Ramirez helped to develop a remarkable nine All Americans and numerous all-conference honorees during his time in Brooklyn. He was also named the Metro Conference Coach of the Year for three straight seasons and selected by his peers as the New York Region’s top coach in 1985. Ramirez also played collegiately at LIU, serving as captain his junior and senior seasons (1968, 1969).
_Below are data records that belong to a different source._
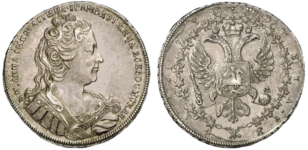 Рис. 2. Рубль Анны Иоанновны, 1730 года, пробный. Фото аукционного дома Kuenker.
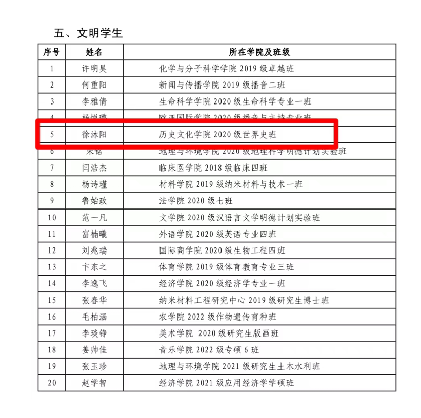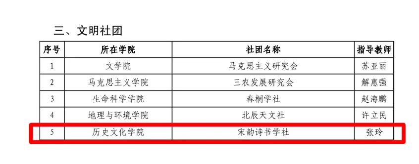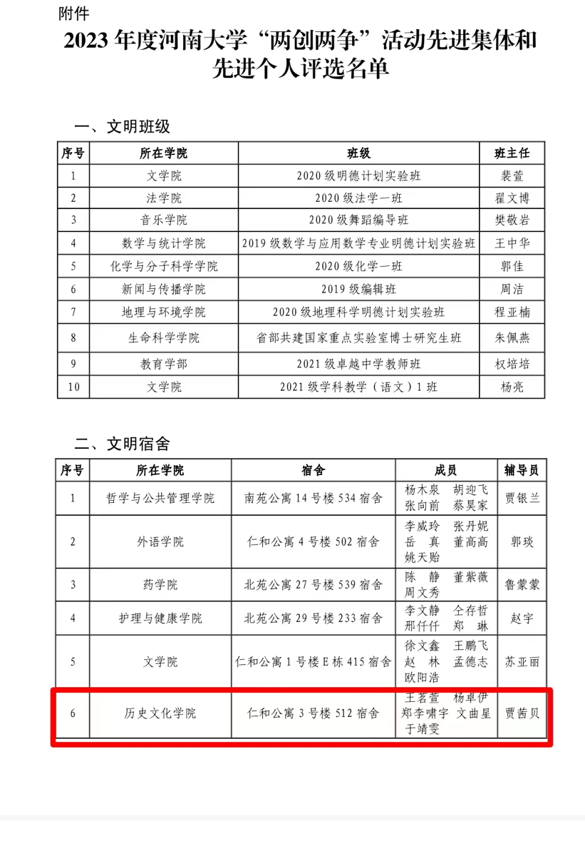 根据《中共河南省委高校工委河南省教育厅关于开展2023年度全省教育系统“两创两争”活动先进集体和先进个人推选工作的通知》(豫教工委发〔2023〕36号)精神,金年金字招牌诚信至上开展“两创两争”活动先进集体和先进个人评选工作。经单位推荐,资格审查,相关职能部门分别进行集中评审、集中公示等程序,今年会jinnianhuicom仁和公寓3号楼512宿舍被授予“文明宿舍”荣誉称号;宋韵诗书学社被授予“文明社团”荣誉称号;2020 级世界史专业徐沐阳被授予“文明学生”荣誉称号。
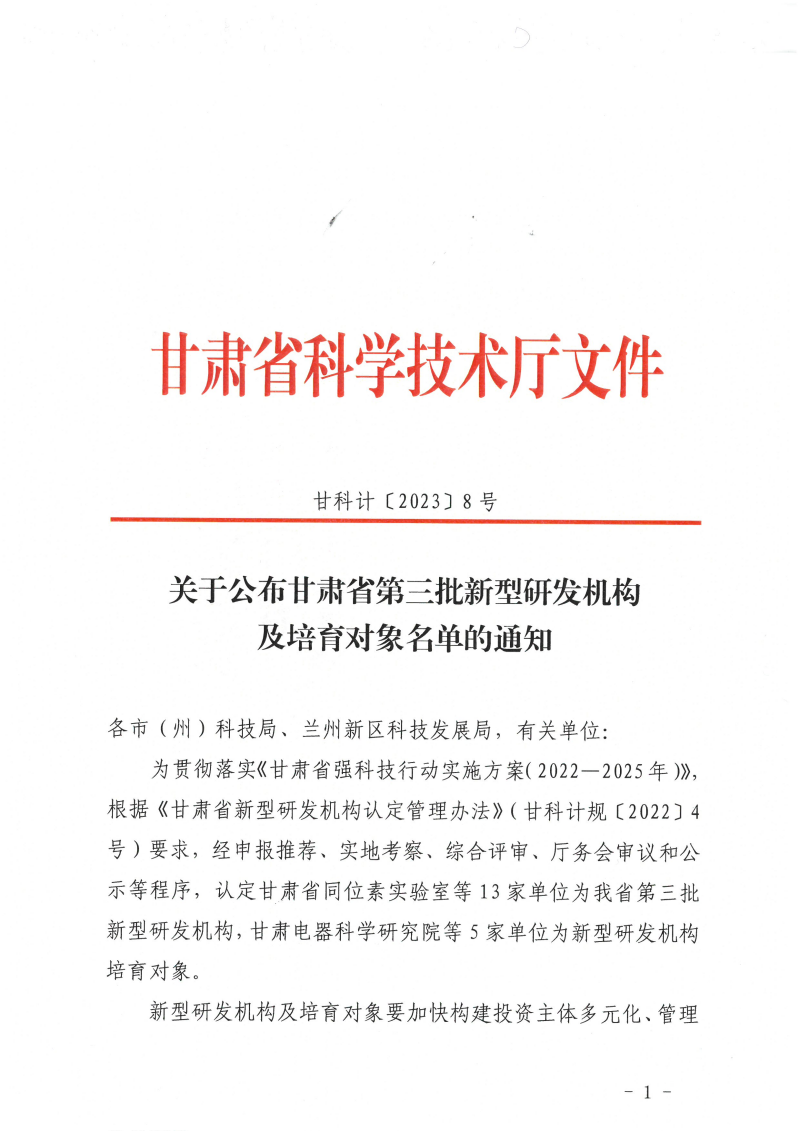 據(jù)了解,省級“新型研發(fā)機構(gòu)”是指在甘肅省內(nèi)注冊并運營,聚焦科技創(chuàng)新需求,主要從事科學研究、技術(shù)創(chuàng)新和研發(fā)服務,投資主體多元化、管理制度現(xiàn)代化、運行機制市場化、用人機制靈活的獨立法人機構(gòu)。
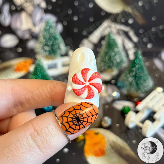 Ghost holding tiny peppermint swirl candy | Handmade to order
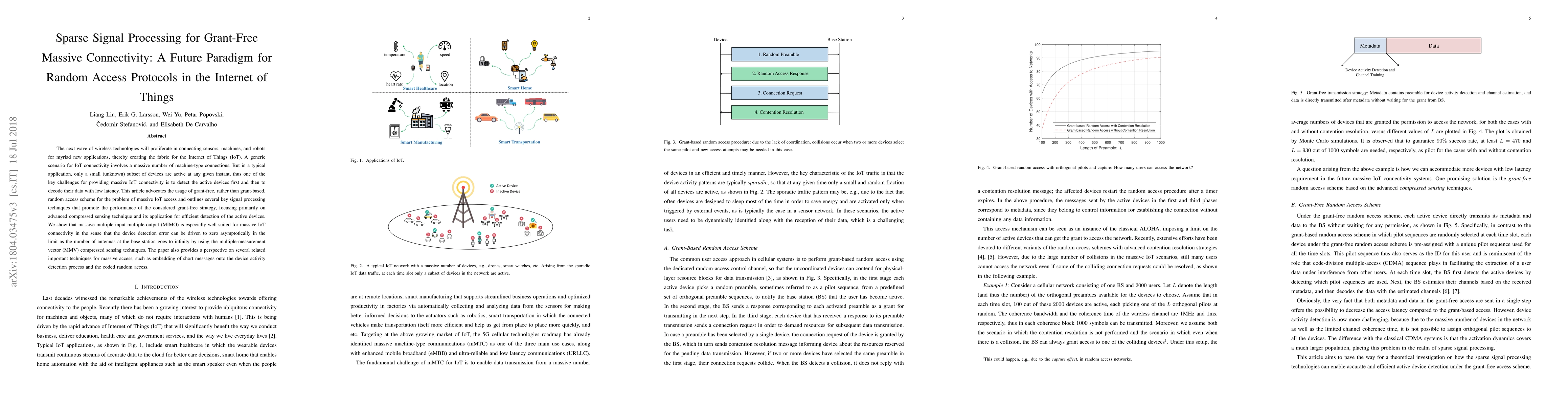 This paper proposes a new approach to connect a large number of IoT devices using sparse signal processing techniques, enabling efficient detection of active devices with low latency. By leveraging advanced compressed sensing methods and massive MIMO technology, the authors aim to create a future paradigm for grant-free massive connectivity in the Internet of Things.
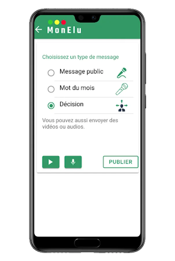 MonElu is a mobile application that creates permanent contact between citizens and their elected officials. It allows citizens to ask questions of elected officials, to make denunciations and even to make proposals for projects or ideas. The citizen thus participates in the management of his municipality, his region and his country. Elected officials are closer to citizens and are better informed on the expectations and opinions of the latter. In this sense, the application is a real decision support tool.

In 1992, he was appointed head coach of the Puerto Rico national football team, a position he held until 1992.  Ramirez was inducted into the LIU Hall of Fame in 2006. After that, he coached Ramapo College women.
During the 1994 World Cup Ramirez was the team liaison for the Bolivia National Team.
When Major League Soccer started he was one of eight evaluators to start the league.

References

External links 
 How Puerto Rico's 'not-so Puerto Rican' team scored a World Cup shock
 Arnie Ramirez on training a young Gregg Berhalter and coaching Gio Savarese
 Our American Dream: Arnie Ramirez Builds Community Through Soccer
 THANKS FOR THE MEMORIES: And the laughter as well as Ramirez has LIU crowd in stitches 
 Former Men's Soccer Head Coach Arnie Ramirez on LIU Hall of Famer Giovanni Savarese& NYC Soccer

American soccer coaches
Living people
Year of birth missing (living people)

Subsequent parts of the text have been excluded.